** Records for processing follows **

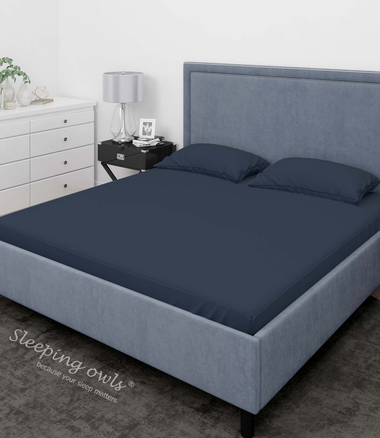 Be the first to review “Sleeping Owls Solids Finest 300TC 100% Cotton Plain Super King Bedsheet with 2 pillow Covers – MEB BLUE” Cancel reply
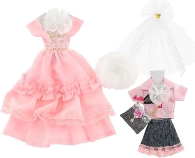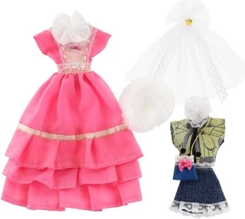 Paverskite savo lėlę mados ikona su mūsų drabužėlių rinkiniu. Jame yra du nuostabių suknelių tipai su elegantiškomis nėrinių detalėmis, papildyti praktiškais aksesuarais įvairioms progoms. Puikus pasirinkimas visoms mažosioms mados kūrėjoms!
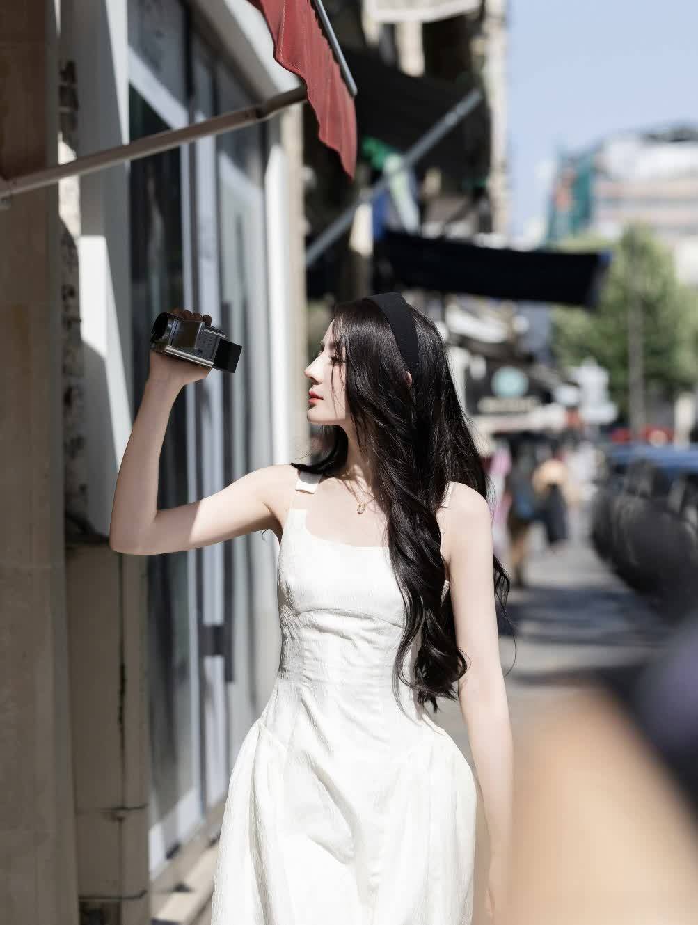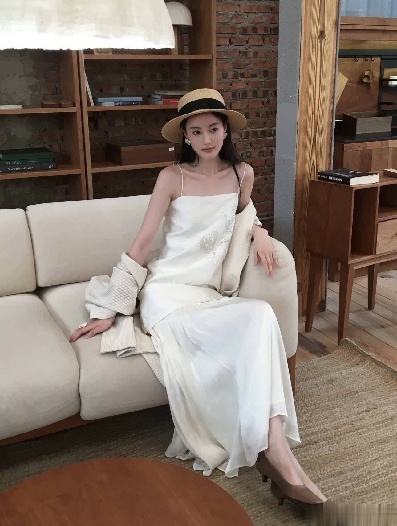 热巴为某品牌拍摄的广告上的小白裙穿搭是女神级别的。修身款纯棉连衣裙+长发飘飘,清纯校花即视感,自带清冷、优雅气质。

** End of Records for processing **
** Records for processing follows **

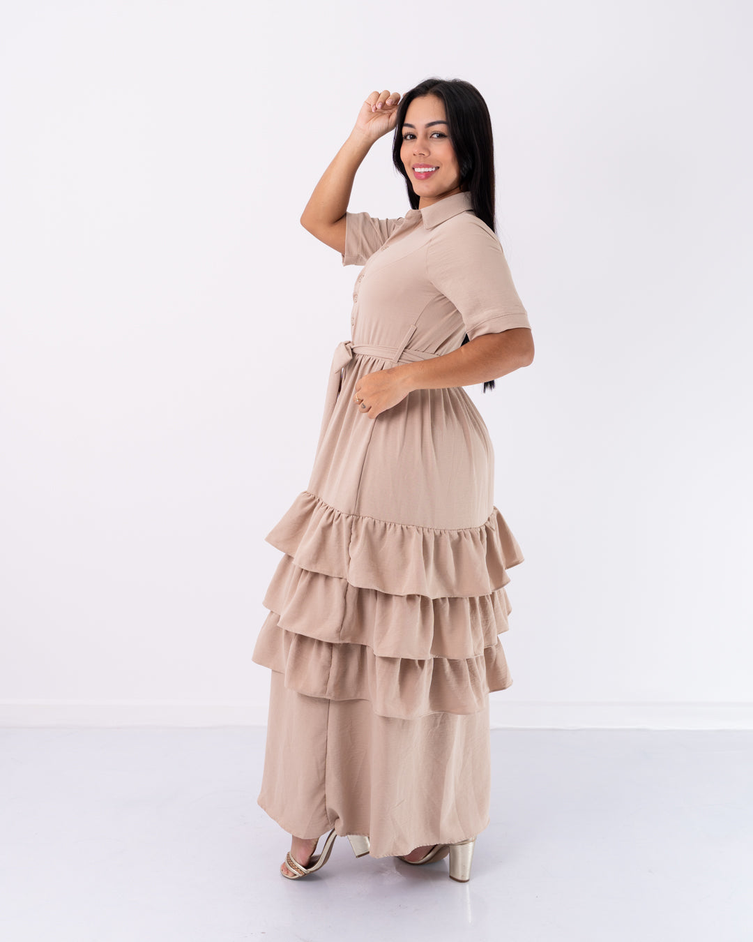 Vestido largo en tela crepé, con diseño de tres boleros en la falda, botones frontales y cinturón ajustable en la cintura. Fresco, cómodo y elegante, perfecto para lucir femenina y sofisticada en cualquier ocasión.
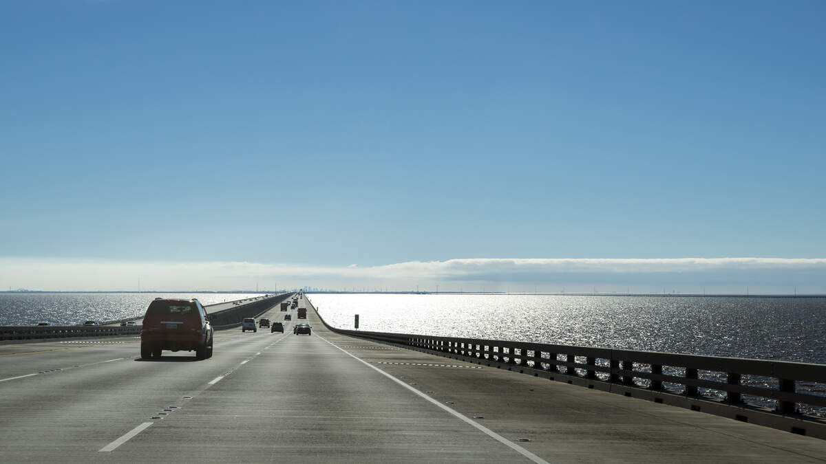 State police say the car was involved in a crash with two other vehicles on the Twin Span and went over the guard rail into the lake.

** End of Records for processing **

__What you need to do__. From the material above, reproduce only what runs from the line holding "Paverskite savo lėlę" down to the line holding "热巴为某品牌拍摄的广告上的小", both included, pictures excluded.

__Answer for this exercise__.
 Paverskite savo lėlę mados ikona su mūsų drabužėlių rinkiniu. Jame yra du nuostabių suknelių tipai su elegantiškomis nėrinių detalėmis, papildyti praktiškais aksesuarais įvairioms progoms. Puikus pasirinkimas visoms mažosioms mados kūrėjoms!
 热巴为某品牌拍摄的广告上的小白裙穿搭是女神级别的。修身款纯棉连衣裙+长发飘飘,清纯校花即视感,自带清冷、优雅气质。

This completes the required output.